Stored items from a collection

>>

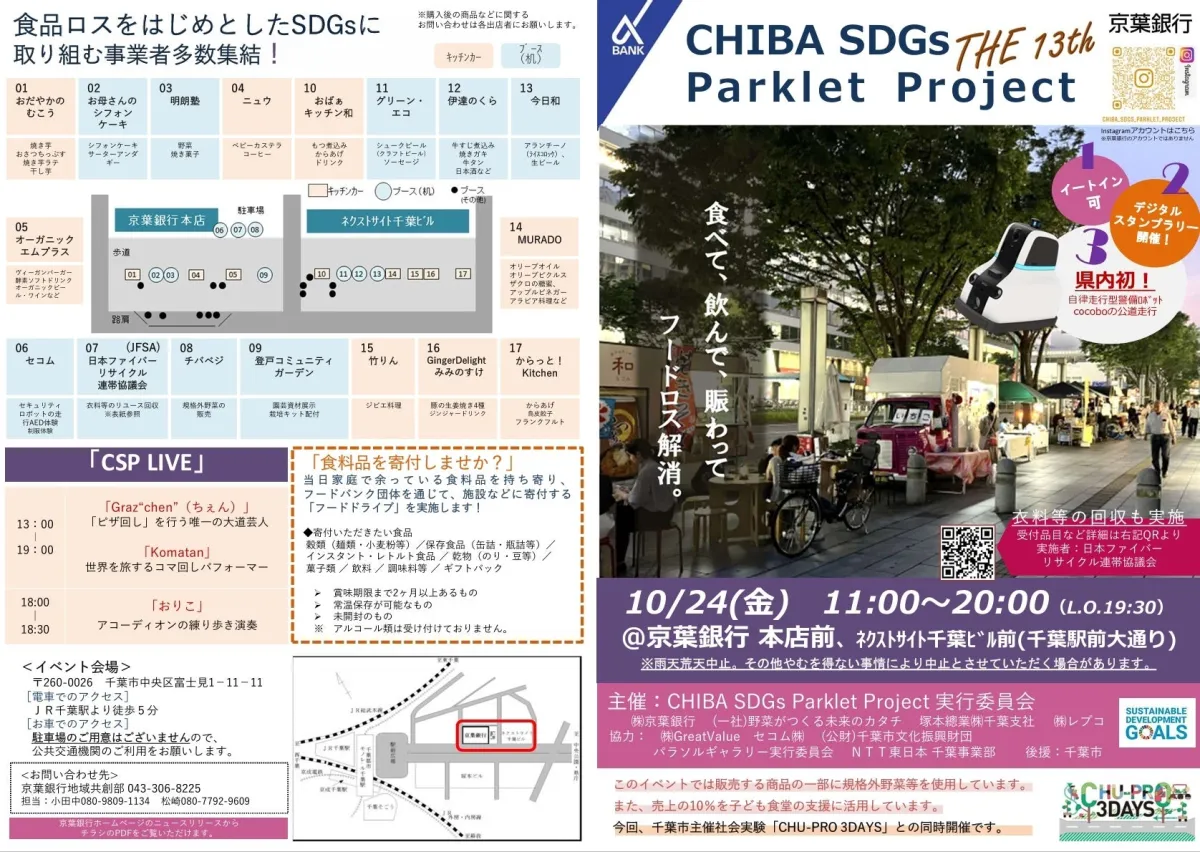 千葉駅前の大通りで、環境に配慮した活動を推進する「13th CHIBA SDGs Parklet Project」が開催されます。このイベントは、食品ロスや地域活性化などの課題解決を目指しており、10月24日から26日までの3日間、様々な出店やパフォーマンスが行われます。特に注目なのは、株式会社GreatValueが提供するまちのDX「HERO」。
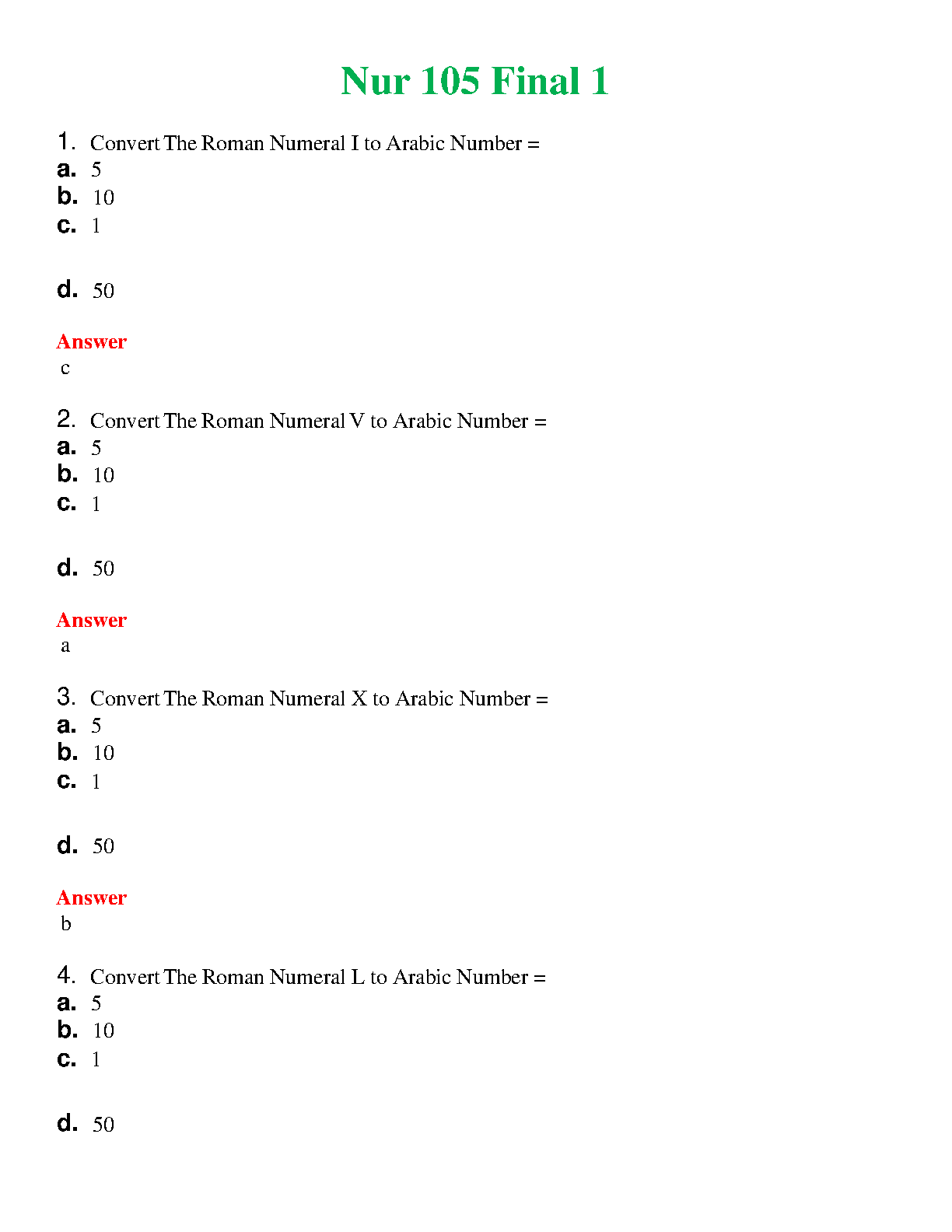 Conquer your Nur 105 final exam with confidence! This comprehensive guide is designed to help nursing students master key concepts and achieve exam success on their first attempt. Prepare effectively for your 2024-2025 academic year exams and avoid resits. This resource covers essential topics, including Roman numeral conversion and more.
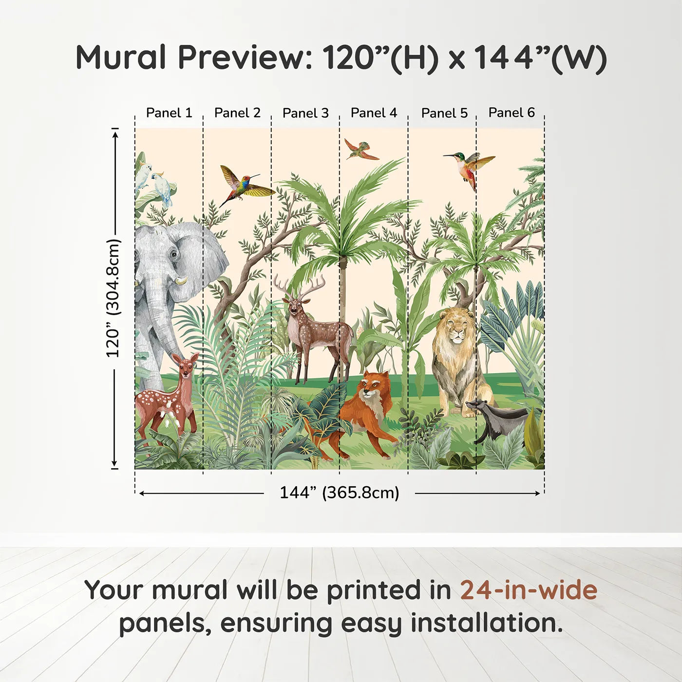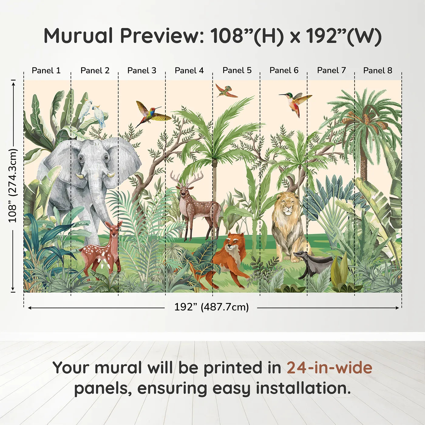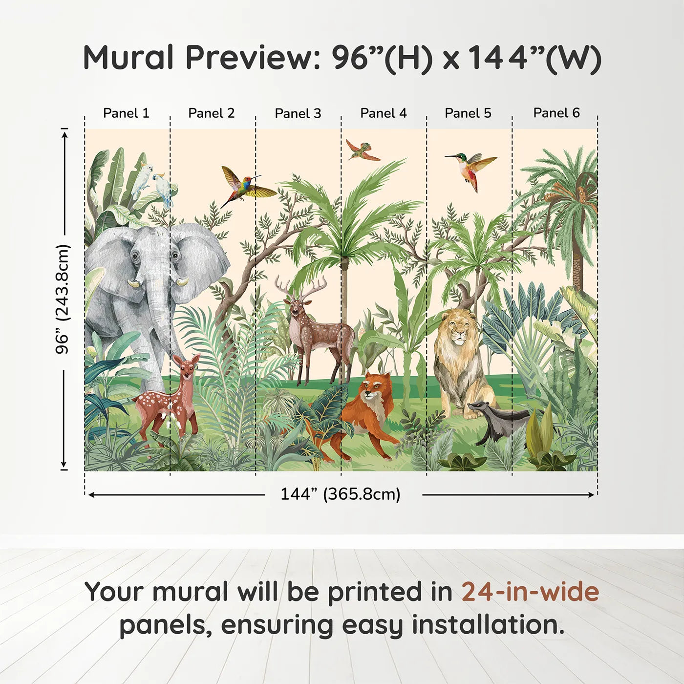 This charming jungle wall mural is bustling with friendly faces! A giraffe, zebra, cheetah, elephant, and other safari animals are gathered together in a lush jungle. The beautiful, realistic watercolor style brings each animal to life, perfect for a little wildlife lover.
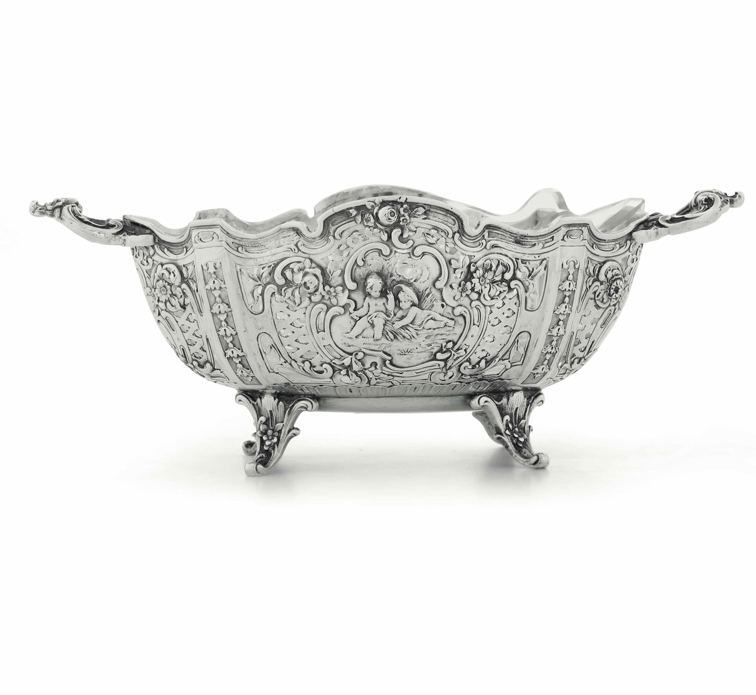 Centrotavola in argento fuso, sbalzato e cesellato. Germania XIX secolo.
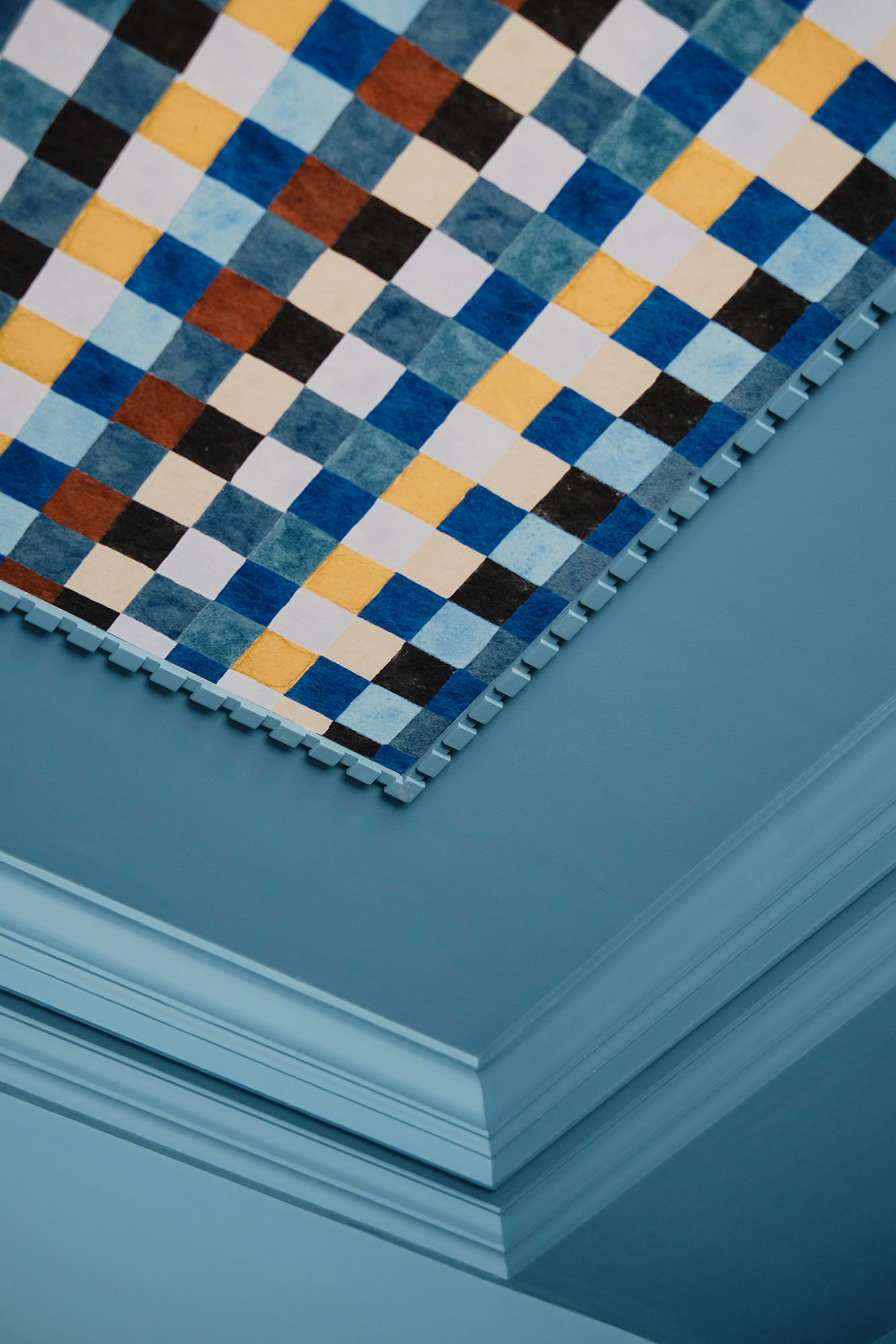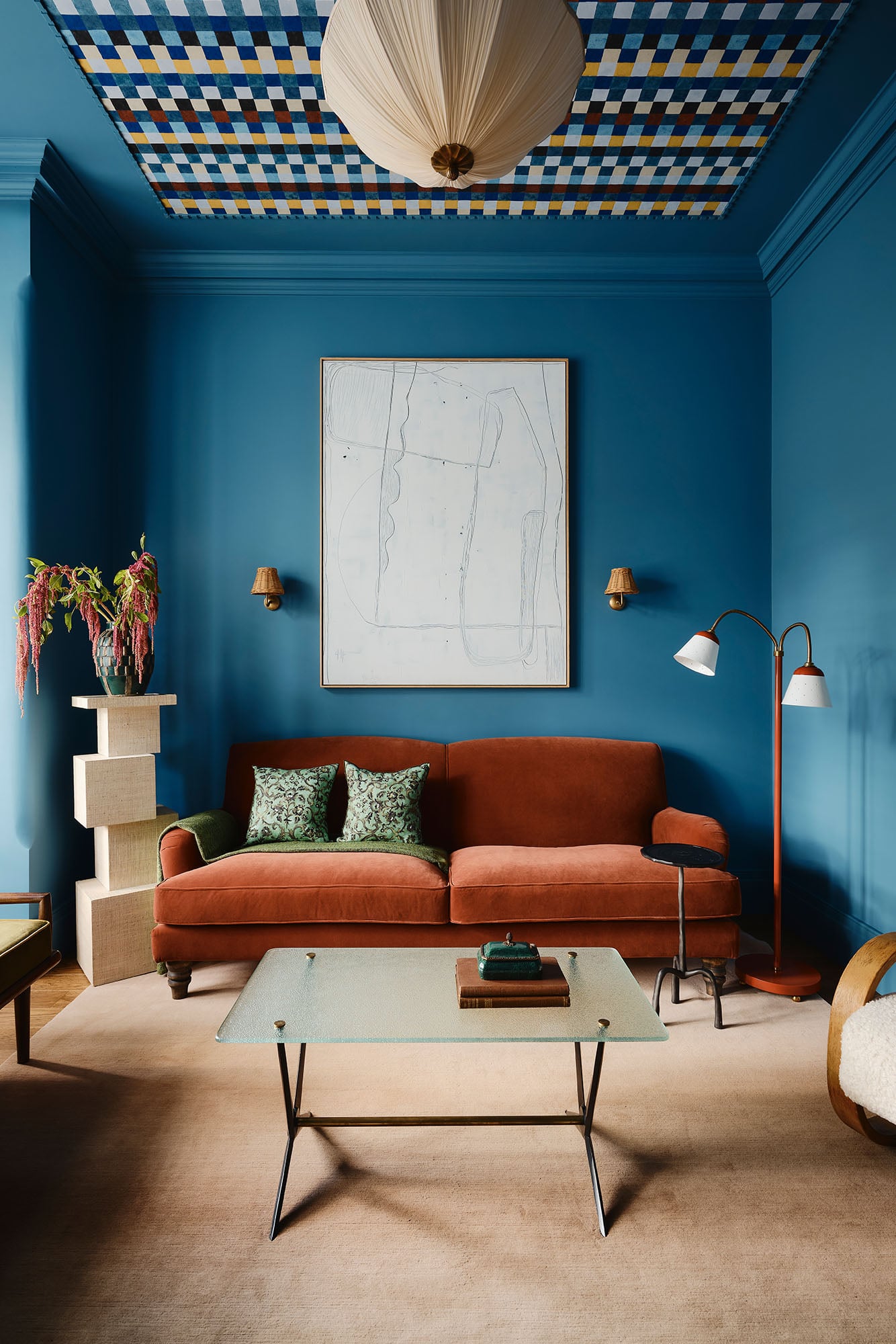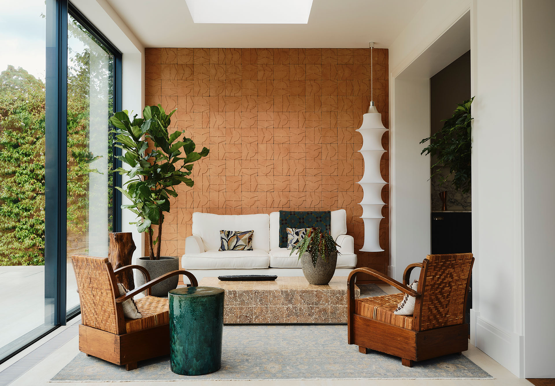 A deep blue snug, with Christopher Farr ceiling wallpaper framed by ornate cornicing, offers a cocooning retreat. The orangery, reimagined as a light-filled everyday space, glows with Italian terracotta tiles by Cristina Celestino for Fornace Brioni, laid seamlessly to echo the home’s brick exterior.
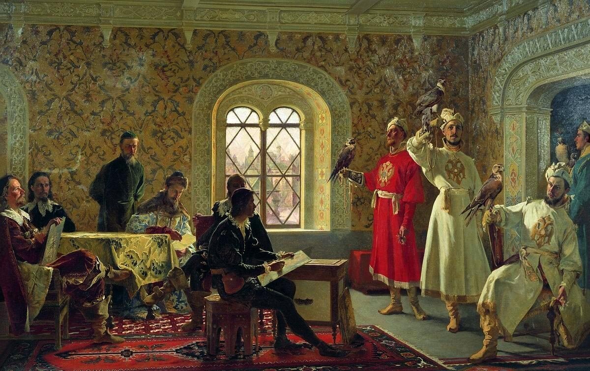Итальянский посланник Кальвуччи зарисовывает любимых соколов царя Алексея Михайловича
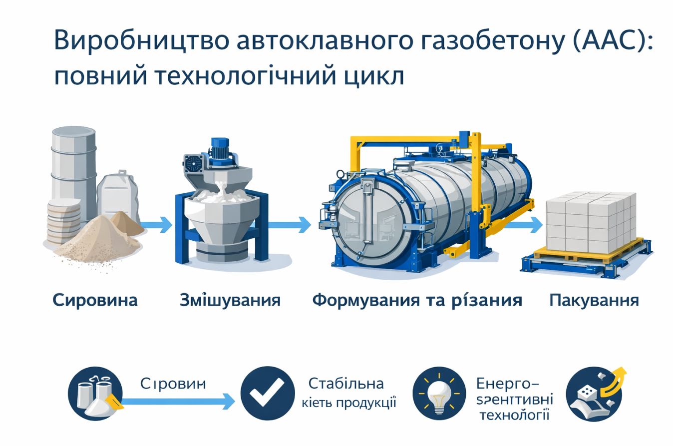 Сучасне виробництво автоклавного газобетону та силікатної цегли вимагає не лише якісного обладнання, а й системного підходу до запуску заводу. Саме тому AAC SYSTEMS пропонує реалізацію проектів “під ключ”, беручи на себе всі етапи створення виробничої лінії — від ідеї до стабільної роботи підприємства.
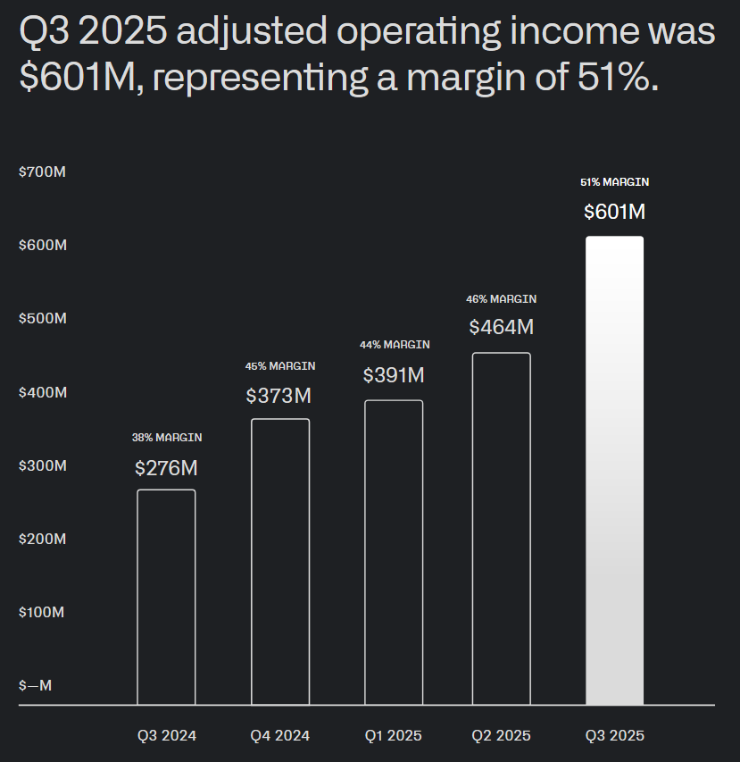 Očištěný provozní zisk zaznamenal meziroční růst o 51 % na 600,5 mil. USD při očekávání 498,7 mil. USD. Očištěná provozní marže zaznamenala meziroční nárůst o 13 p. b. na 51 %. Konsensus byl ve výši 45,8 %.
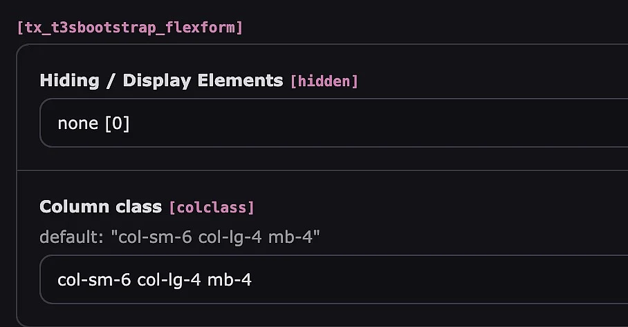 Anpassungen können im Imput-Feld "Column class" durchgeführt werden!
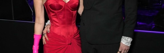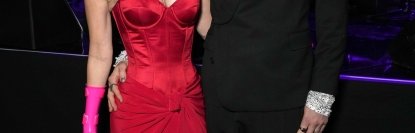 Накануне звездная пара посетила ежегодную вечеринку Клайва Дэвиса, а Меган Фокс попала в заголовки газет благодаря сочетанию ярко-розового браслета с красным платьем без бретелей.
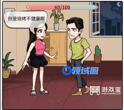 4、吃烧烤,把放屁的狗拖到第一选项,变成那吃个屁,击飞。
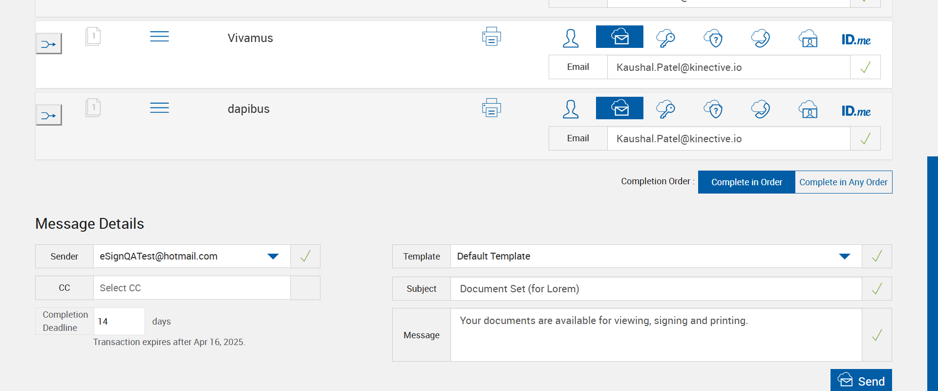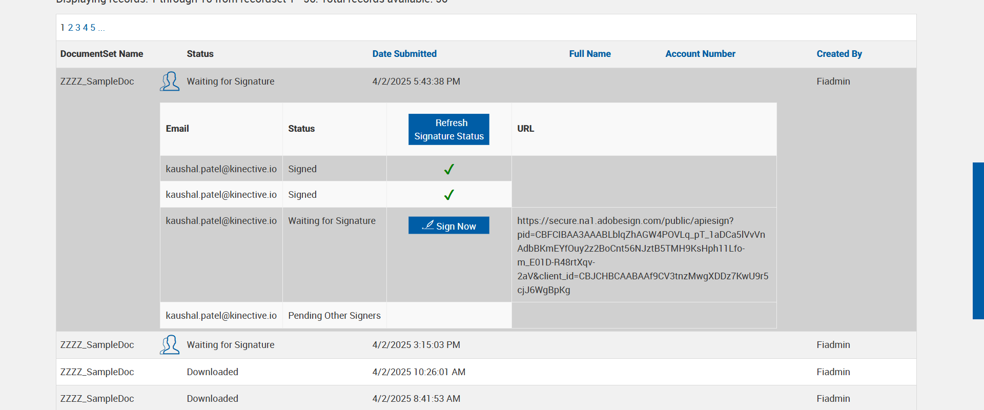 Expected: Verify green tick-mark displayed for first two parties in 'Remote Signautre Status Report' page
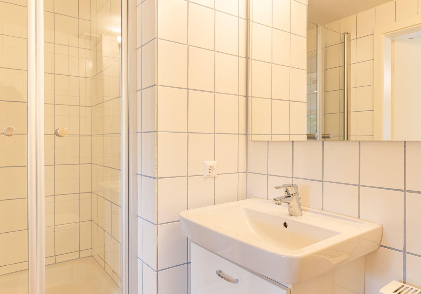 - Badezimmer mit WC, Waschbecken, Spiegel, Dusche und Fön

<<

PROBLEM — Set down the records exactly, without the pictures.

YOUR RESPONSE —
 千葉駅前の大通りで、環境に配慮した活動を推進する「13th CHIBA SDGs Parklet Project」が開催されます。このイベントは、食品ロスや地域活性化などの課題解決を目指しており、10月24日から26日までの3日間、様々な出店やパフォーマンスが行われます。特に注目なのは、株式会社GreatValueが提供するまちのDX「HERO」。
 Conquer your Nur 105 final exam with confidence! This comprehensive guide is designed to help nursing students master key concepts and achieve exam success on their first attempt. Prepare effectively for your 2024-2025 academic year exams and avoid resits. This resource covers essential topics, including Roman numeral conversion and more.
 This charming jungle wall mural is bustling with friendly faces! A giraffe, zebra, cheetah, elephant, and other safari animals are gathered together in a lush jungle. The beautiful, realistic watercolor style brings each animal to life, perfect for a little wildlife lover.
 Centrotavola in argento fuso, sbalzato e cesellato. Germania XIX secolo.
 A deep blue snug, with Christopher Farr ceiling wallpaper framed by ornate cornicing, offers a cocooning retreat. The orangery, reimagined as a light-filled everyday space, glows with Italian terracotta tiles by Cristina Celestino for Fornace Brioni, laid seamlessly to echo the home’s brick exterior.
Итальянский посланник Кальвуччи зарисовывает любимых соколов царя Алексея Михайловича
 Сучасне виробництво автоклавного газобетону та силікатної цегли вимагає не лише якісного обладнання, а й системного підходу до запуску заводу. Саме тому AAC SYSTEMS пропонує реалізацію проектів “під ключ”, беручи на себе всі етапи створення виробничої лінії — від ідеї до стабільної роботи підприємства.
 Očištěný provozní zisk zaznamenal meziroční růst o 51 % na 600,5 mil. USD při očekávání 498,7 mil. USD. Očištěná provozní marže zaznamenala meziroční nárůst o 13 p. b. na 51 %. Konsensus byl ve výši 45,8 %.
 Anpassungen können im Imput-Feld "Column class" durchgeführt werden!
 Накануне звездная пара посетила ежегодную вечеринку Клайва Дэвиса, а Меган Фокс попала в заголовки газет благодаря сочетанию ярко-розового браслета с красным платьем без бретелей.
 4、吃烧烤,把放屁的狗拖到第一选项,变成那吃个屁,击飞。
 Expected: Verify green tick-mark displayed for first two parties in 'Remote Signautre Status Report' page
 - Badezimmer mit WC, Waschbecken, Spiegel, Dusche und Fön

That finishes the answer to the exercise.